#### Activity:
In the material below, find the line with "Les élèves doivent" and the line with "華統(tǒng)股份4月9日", then output both and every line between them exactly, omitting pictures.

#### Records for processing:
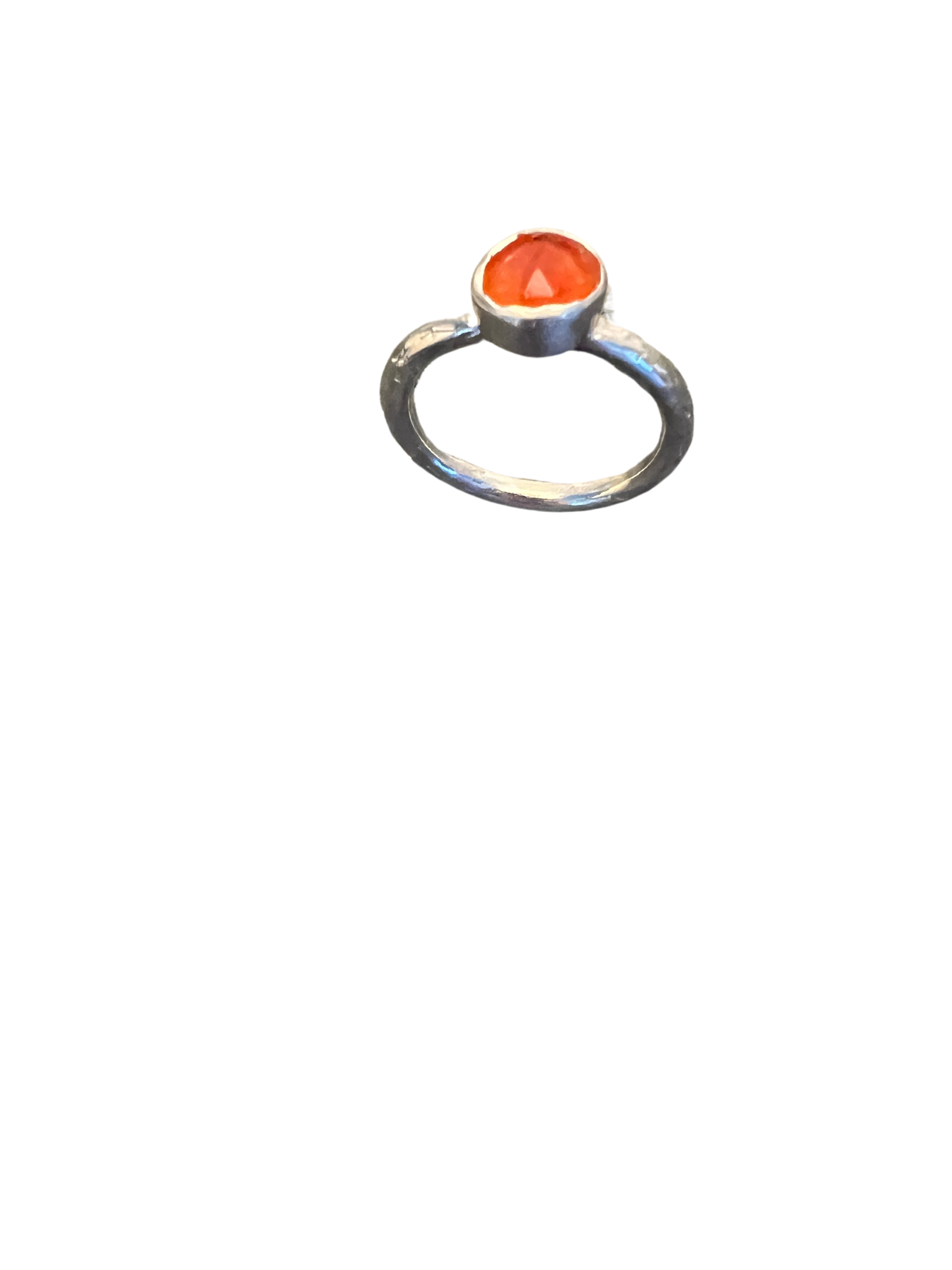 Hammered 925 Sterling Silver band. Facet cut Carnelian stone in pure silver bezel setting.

---

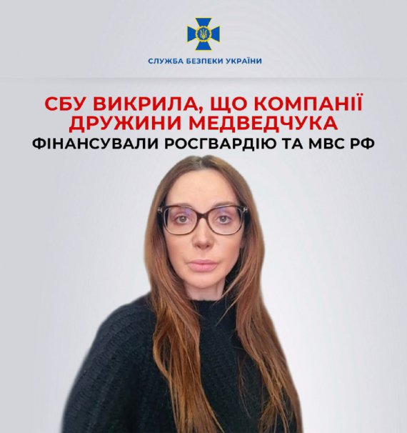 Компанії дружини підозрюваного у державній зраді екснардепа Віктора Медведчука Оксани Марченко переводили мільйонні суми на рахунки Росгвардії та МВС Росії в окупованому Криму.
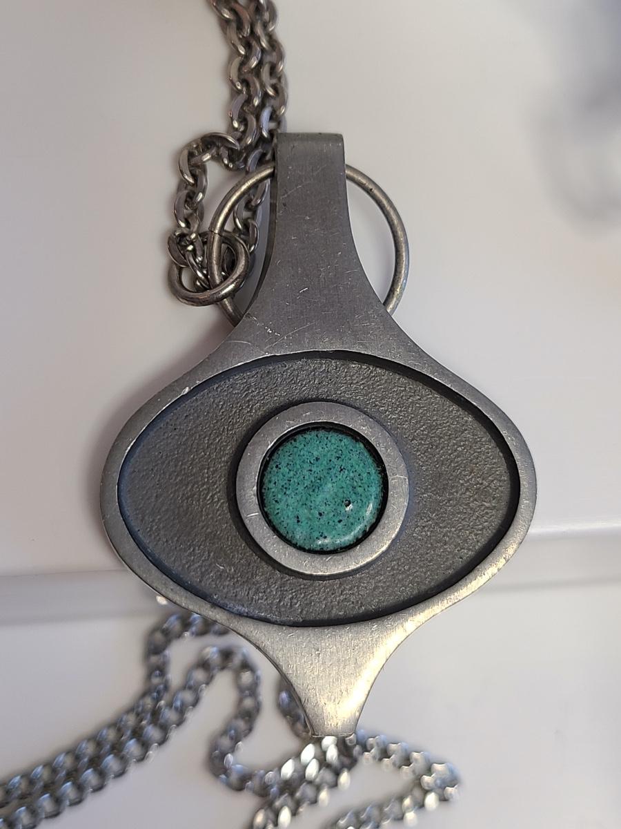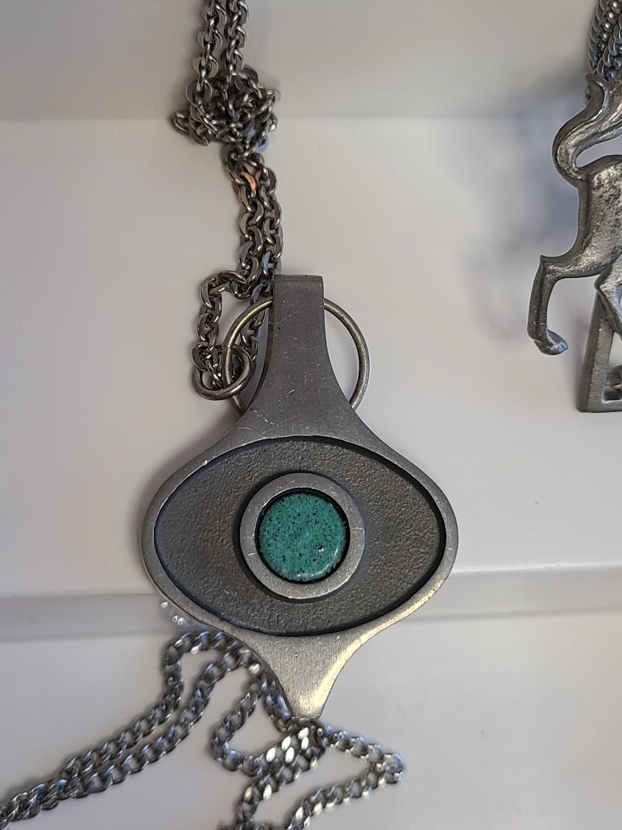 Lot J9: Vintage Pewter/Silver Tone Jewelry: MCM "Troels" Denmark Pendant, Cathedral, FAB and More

---

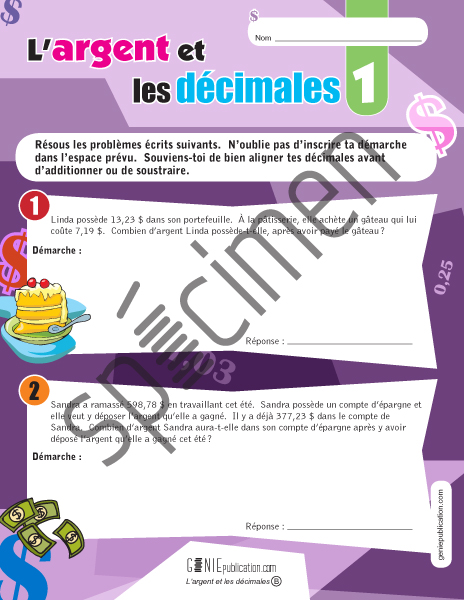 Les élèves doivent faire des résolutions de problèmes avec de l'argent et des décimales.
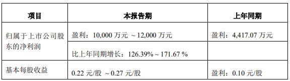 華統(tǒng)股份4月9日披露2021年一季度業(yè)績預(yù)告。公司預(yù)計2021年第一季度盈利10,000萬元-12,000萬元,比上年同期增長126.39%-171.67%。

#### Answer:
 Les élèves doivent faire des résolutions de problèmes avec de l'argent et des décimales.
 華統(tǒng)股份4月9日披露2021年一季度業(yè)績預(yù)告。公司預(yù)計2021年第一季度盈利10,000萬元-12,000萬元,比上年同期增長126.39%-171.67%。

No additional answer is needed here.